Un escalofrío recorrió mi espalda. No por miedo, sino por la certeza de estar atrapada con alguien que se deleita en hacerme daño.
—Entonces, ¿fuiste tú?
—No. No esta vez. Pero la próxima, quién sabe —susurró con una sonrisa que destilaba amenaza—. Porque no soporto verte sonreír sin mi permiso.
—¿Te molesta que sonría?
Él ladeó la cabeza, fingiendo reflexión, pero su voz rezumaba arrogancia.
—Me molesta que creas que eres libre. Que algo en este mundo pueda pertenecer a ti. Mi mundo.
—No puedes controlarme para siempre.
—Oh, pero ya lo hago —replicó, acercándose lo suficiente para que pudiera oler su arrogancia—. Estoy en tu sangre, en tu sombra, en cada pensamiento que no te atreves a decir en voz alta.
—Eres repugnante.
—Soy indispensable.
Se agachó, tomó un lirio roto, lo sostuvo entre los dedos con una delicadeza perturbadora, y luego lo aplastó lentamente, dejando que la savia manchara su piel.
—Los lirios también sangran, princesa. Y créeme, su sangre es mucho más dulce cuando nadie la ve.
Tiró el tallo al suelo y se dio media vuelta.

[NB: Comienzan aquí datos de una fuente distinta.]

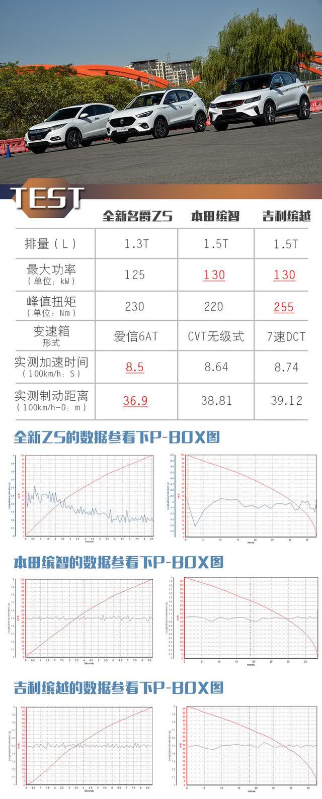 成绩上互有攻守,但在实际的呈现特性上各有不同。名爵ZS硬件基础最大的亮点就是在于它的爱信6AT变速箱,传统AT变速箱最大的优点在于它的液力变矩器在紧急加速时,它的动力预存功能和输出的舒畅性是CVT和双离合变速箱无法比拟的,这也是名爵ZS依靠更弱的动力参数取得更强加速的秘密所在。而在刹车方面,除了选用米其林Primacy 3st这样的高等级轮胎之外,名爵ZS在刹车踏板的调教上,它的制动力分配的更加绵密,全域的制动力输出线性,也造就了它更好的制动成绩。

—Por cierto, cierra mejor esa puerta trasera. No todos los enemigos llevan corona o capa. Algunos solo observan y esperan el momento justo para arrancarte de raíz.
Se fue.
Sus pasos se desvanecieron como una tormenta que arrasa sin piedad ni remordimiento.
Caí de rodillas, las manos temblando, la garganta apretada por una rabia que ya no podía callar.

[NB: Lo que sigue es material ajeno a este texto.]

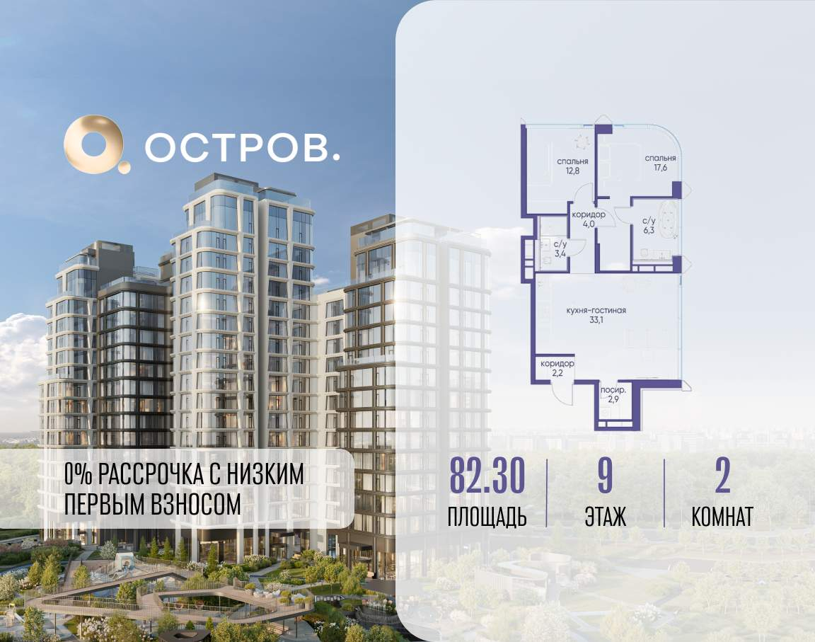 Продаётся 2-комн. квартира от застройщика: общая площадь 82.30 м, жилая 30.40 м, кухня 33.10 м, 9-й этаж, жилой квартал «Остров 12», корпус 2 (секция 2) . Срок сдачи: 1 квартал 2029 года.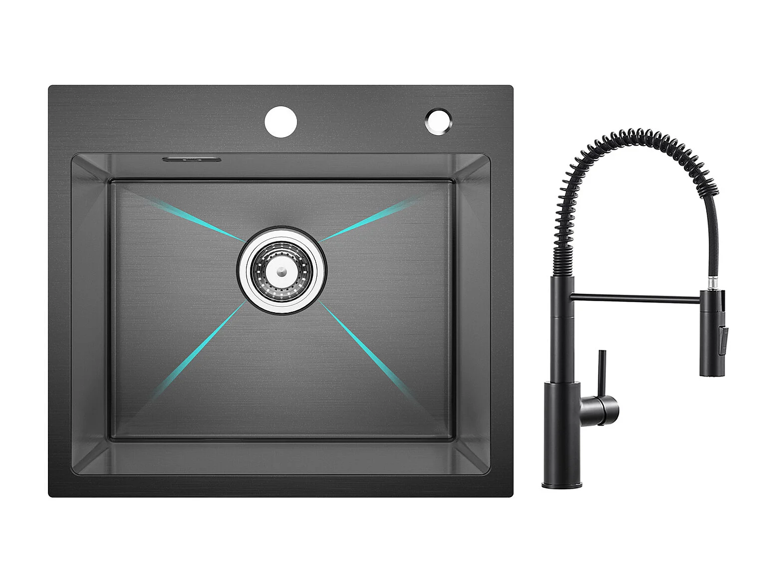 Cecipa MAX Évier Cuisine 1 Bac 50×45×18.5CM Évier Inox Noir + Mitigeur avec Douchette Extractible, Noir

Entonces el viento trajo algo hacia mí.
Un papel.
Una nota.
Tres palabras.
Caligrafía perfecta.
Tinta negra, tan oscura como su alma.
“Esto fue un aviso.”
No firmada.
Pero no hacía falta.
Sabía perfectamente quién había enviado ese mensaje.
Esta vez… no iba a quedarme callada.
–––
Destruyeron mi jardín.
No por accidente.
No por castigo divino.
Lo destruyeron por placer.
Por poder.
Por ver si aún me atrevía a sonreír después de que me arrebataran lo único que era realmente mío.
Fue un acto de guerra.
Y yo… en vez de llorar, florecí.
Ya no soy la niña de cabellos suaves que buscaba consuelo entre lirios blancos y cuentos rotos.
Esa murió la noche en que el mármol se quebró bajo las botas de un idiota con complejo de dios.
Ahora soy otra cosa.
Algo que no se cultiva.
Algo que no se toca sin sangrar.
Soy arte venenoso.
Soy belleza con colmillos.
Y esta vez, no vine a suplicar… vine a devorar.
–––
La venganza no se grita.
Eso lo hacen las niñas débiles.
Las mujeres como yo la susurran entre copas, la disuelven en caricias, la siembran bajo la piel de quien cree tener el control.
Por eso elegí a Dimitri Volkov.
El primo obediente.
El perro faldero de Vladimir.
Leal, torpe… y deliciosamente fácil de manejar.